Nello studio, gli scienziati hanno costruito un modello 3D dell’apparato di masticazione delle 21 specie di primati analizzati, determinando che il sistema masticatorio cresce in modo molto coordinato, in un processo sinergico che coinvolge i muscoli masticatori, le mascelle e i denti. I molari emergono solo quando c’è abbastanza spazio per loro nelle mascelle, in una posizione abbastanza avanzata in modo che quando si mastica non ci sia il rischio di danneggiare l’articolazione della mascella. Negli esseri umani, poiché la crescita dell’organismo avviene così lentamente, anche quella delle mascelle procede allo stesso modo e per molti anni non vi è spazio per i molari. Non solo, secondo i risultati, la crescita delle mascelle umane è probabilmente legata anche alla storia di vita e di maturazione dell’essere umano (e cioè dalla sua crescita somatica e neuronale, ad esempio), anch’essa molto protratta nel tempo rispetto ad altri primati.

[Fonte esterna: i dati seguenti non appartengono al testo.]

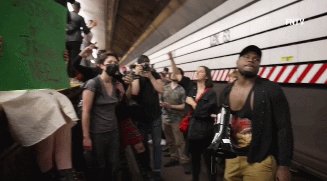 抗議活動迫使一輛進站的Q線列車在入站處緊急制動。視頻中可以聽到當地警察試圖維持秩序。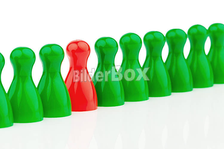 Beschreibung Rote und grüne Spielfiguren. Anders im Team. Frauenquote am Arbeitsplatz.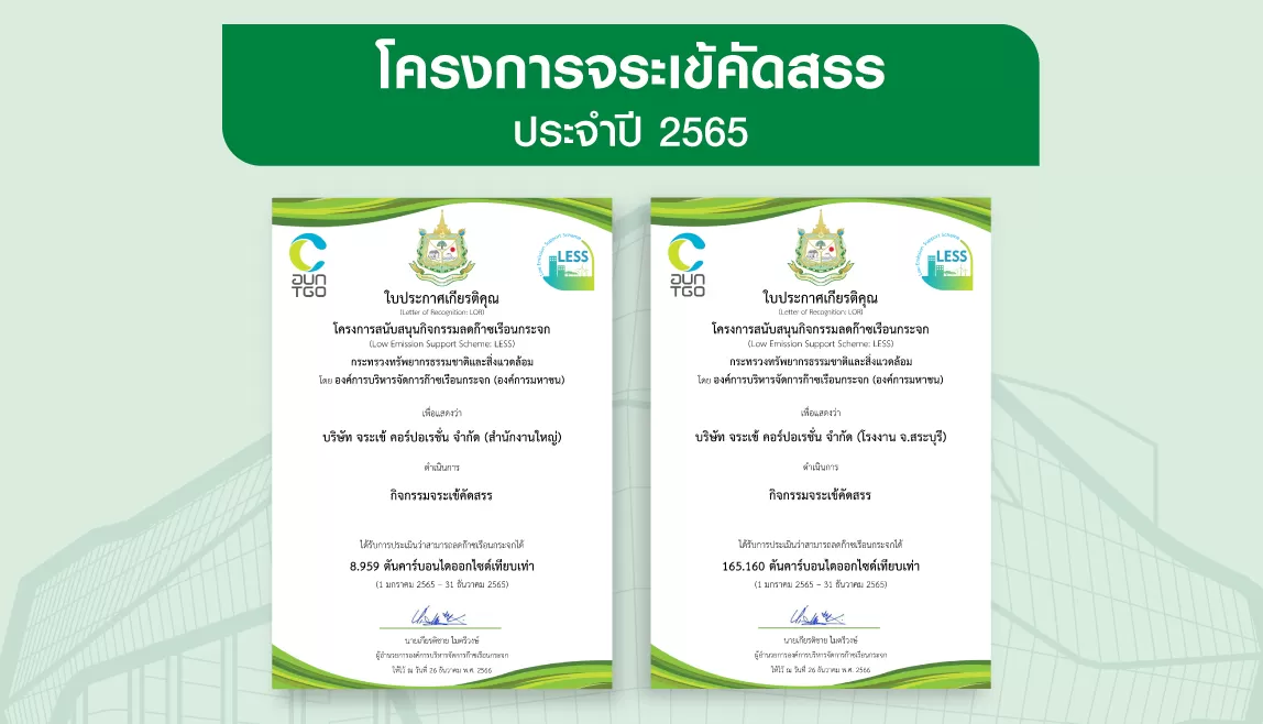 “โครงการจระเข้คัดสรร” จับมือร่วม โครงการสนับสนุนกิจกรรมลดก๊าซเรือนกระจก (Low Emission Support Scheme) หรือเรียกว่าโครงการ LESS โดยองค์กรบริหารจัดการก๊าซรือนกระจก (อบก.) พัฒนารูปแบบการดำเนินกิจกรรม เพื่อสร้างความตระหนักให้เกิดการลดการปล่อยก๊าซเรือนกระจก ในการบริหารจัดการขยะรีไซเคิลภายในองค์กรทั้งสำนักงานใหญ่และโรงงาน จ.สระบุรี ร่วมกับชุมชน

Per quel che riguarda i denti del giudizio, ormai non più coinvolti nel sistema di masticazione e spesso problematici, la questione rimane invece aperta. “Abbiamo notato una riduzione delle dimensioni dei denti molari negli esseri umani rispetto ad alcuni dei nostri antenati fossili, quindi è possibile che questa tendenza continui” conclude Glowacka. “Per ora non possiamo dire nulla sul fatto che i denti del giudizio possano scomparire, comunque”.